Oracle Cloud Infrastructure Documentation

IAM Technologies

Get introduced to some concepts you'll come across when you work with IAM with identity domains.

Oracle Cloud Services

Learn about Software as a Service (SaaS), Data as a Service (DaaS), Platform as a Service (PaaS), and Infrastructure as a Service (IaaS) services used in Oracle Cloud.

Oracle Cloud offers a host of cloud services.

Application services are classified into two categories:

  • Software as a Service (SaaS): Provides a software licensing and delivery model in which software is licensed on a subscription basis and is centrally hosted.

  • Data as a Service (DaaS): Provides data on demand to a user regardless of geographic or organizational separation of the provider and consumer.

Platform services are also classified into two categories:

  • Platform as a Service (PaaS): Provides a platform allowing customers to develop, run, and manage applications without the complexity of building and maintaining the infrastructure typically associated with developing and deploying an application.

  • Infrastructure as a Service (IaaS): Provides access to computing resources (that is, virtualized hardware and computing infrastructure) in Oracle Cloud across a public connection.

For a comprehensive list of the available Oracle Cloud SaaS, DaaS, PaaS, and IaaS services, go to https://www.oracle.com/cloud and from the Oracle Cloud menu, select that category of services that interests you. From the page that opens, you can find links to detailed information about each service.
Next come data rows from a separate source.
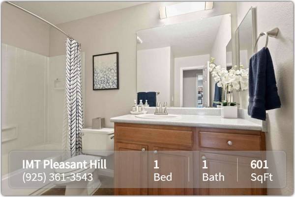 Welcome to IMT Pleasant Hill, the top selection in Pleasant Hill apartments. Our lovely apartment community is in a perfect location along the edge of the mountains and a quick drive from the bay. If you are looking for the best in apartment living look no further than IMT Pleasant Hill. At IMT Pleasant Hill we offer a variety of floor plans including studio, one and two bedroom apartment homes. Finding your way here could not be easier. We are just off Interstate 680 on Coggins Drive. When you arrive, you will be in a neighborhood sure to accommodate all your needs. We are near several employers as well as the BART station. If you are looking to unwind we are located near a wide variety of dining, entertainment and recreation options. We can't wait to help you begin the journey toward this fantastic apartment experience.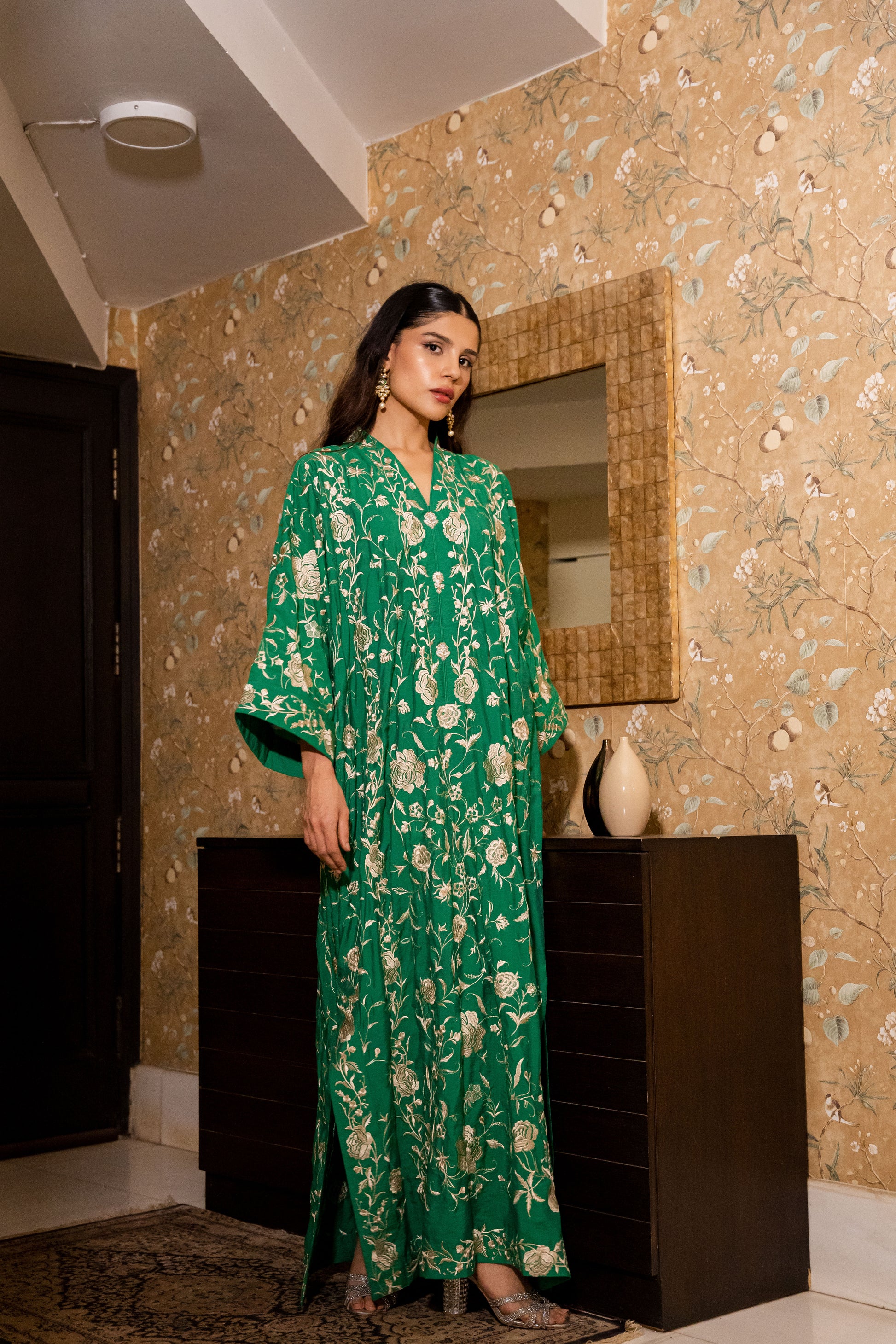 A smouldering dark canvas is offset with fine needlework that takes inspiration from the richly detailed ‘Mantones de Manila’ shawls of Spain. Cut from Pure Silk, this Maxi Kaftan features ivory embroidery on the front, back & sleeves with hand-made buttons detail. The Flamenco Grandé is designed to make an effortless statement.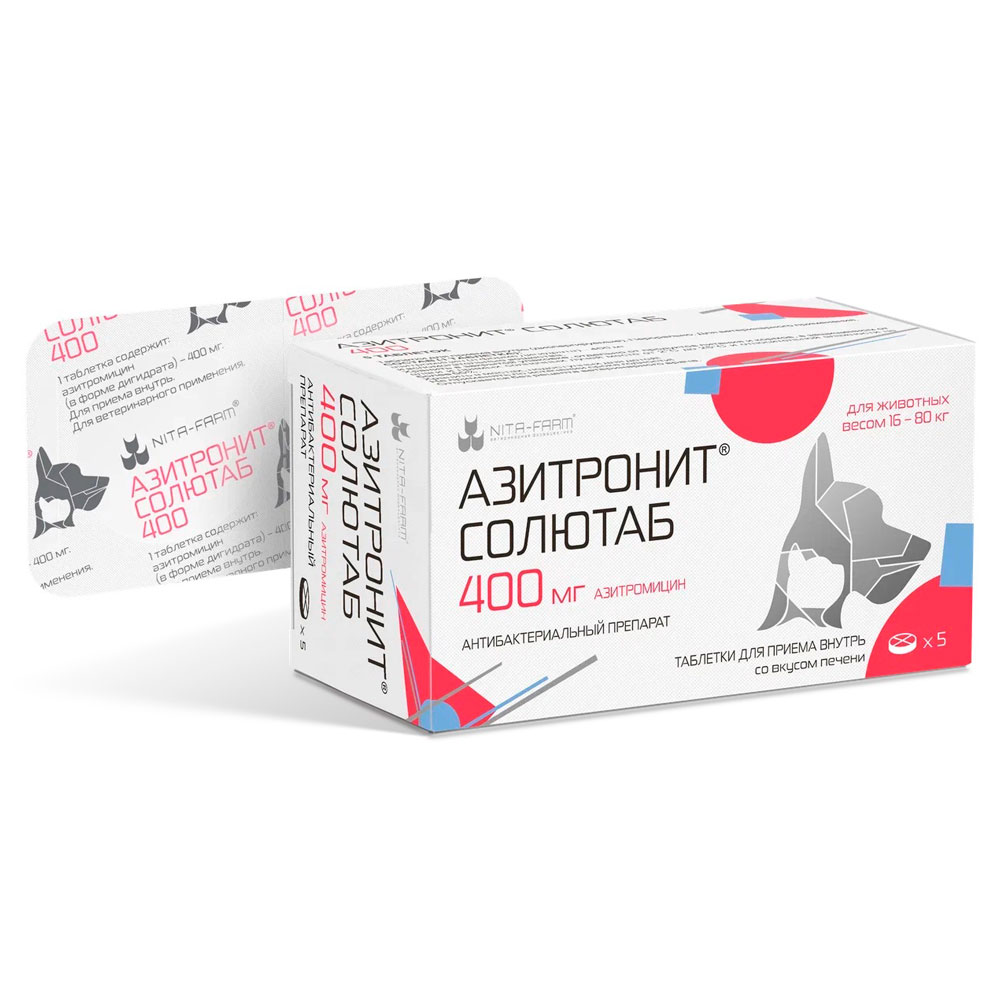 - Азитронит® Солютаб 400 – животным массой тела от 20 кг.

Oracle Cloud securely integrates its different cloud services, customer applications, and cloud services from other vendors. For example; this integration lets you,

  • Embed Oracle Sales Cloud within your own application running on Oracle Java Cloud Service - SaaS Extension.

  • Extend Oracle Fusion Customer Relationship Management Cloud Service with a custom application.

  • Tie together an Oracle Cloud service with functionality from other sites, such as Salesforce.

  • Use an Oracle Cloud service as the infrastructure for building your own applications.

SAML, OAuth, and OpenID Connect

Learn about the basic concepts behind the SAML, OAuth, and OpenID Connect standards used in IAM.

Security Assertion Markup Language (SAML) supports both authentication and authorization and is an open framework for sharing security information on the internet through XML documents. SAML includes three parts:

  • SAML Assertion: How you define authentication and authorization information.

  • SAML Protocol: How you ask (SAML Request) and get (SAML Response) the assertions you need.

  • SAML Bindings and Profiles: How SAML assertions ride on (Bindings) and in (Profiles) industry-standard transport and messaging frameworks.

The OAuth 2.0 token service provided by the Oracle Cloud identity infrastructure provides secure access to the Representational State Transfer (REST) endpoints of cloud services by other cloud services and user applications.

OAuth 2.0 provides the following benefits:

  • It increases security by eliminating the use of passwords in service-to-service REST interactions.

  • It reduces the lifecycle costs by centralizing trust management between clients and servers. OAuth reduces the number of configuration steps to secure service-to-service communication.

IAM leverages the power of OpenID Connect and OAuth to deliver a highly-scalable, multi-tenant token service for securing programmatic access to custom applications by other custom applications, and for federated SSO and authorization integration with these applications:

  • Use OAuth 2.0 to define authorization in IAM for your custom applications. OAuth 2.0 has an authorization framework, commonly used for third-party authorization requests with consent. Custom applications can implement both two-legged and three-legged OAuth flows.

  • Use OpenID Connect to externalize authentication to IAM for your custom applications. OpenID Connect has an authentication protocol that provides Federated SSO, leveraging the OAuth 2.0 authorization framework as a way to federate identities in the cloud. Custom applications participate in an OpenID Connect flow.

Using the OAuth 2.0 and OpenID Connect standards provides the following benefits:

  • Federated SSO between the custom application and IAM. Resource owners (users accessing the custom application) need a single login to access IAM plus all applications integrated. IAM handles the authentication and credentials itself, insulating custom applications. This capability is provided by OpenID Connect with OAuth 2.0.

  • Authorization to perform operations on third-party servers with consent. Resource owners can decide at runtime whether the custom applications should have authorization to access data or perform tasks for them. This capability is provided by OAuth 2.0.

SCIM

Learn about the basic concepts behind the SCIM standard used in IAM.

With REST APIs, you can use a System for Cross-Domain Identity Management (SCIM) to securely manage your IAM resources, including identities and configuration data. These APIs provide an alternative to using the web-based user interface when you want to use Identity Domains for your own UI or for clients.

You can manage users, groups, and applications, perform identity functions and administrative tasks, and manage your identity domain settings.

IAM provides SCIM templates to help you integrate your applications for provisioning and synchronization.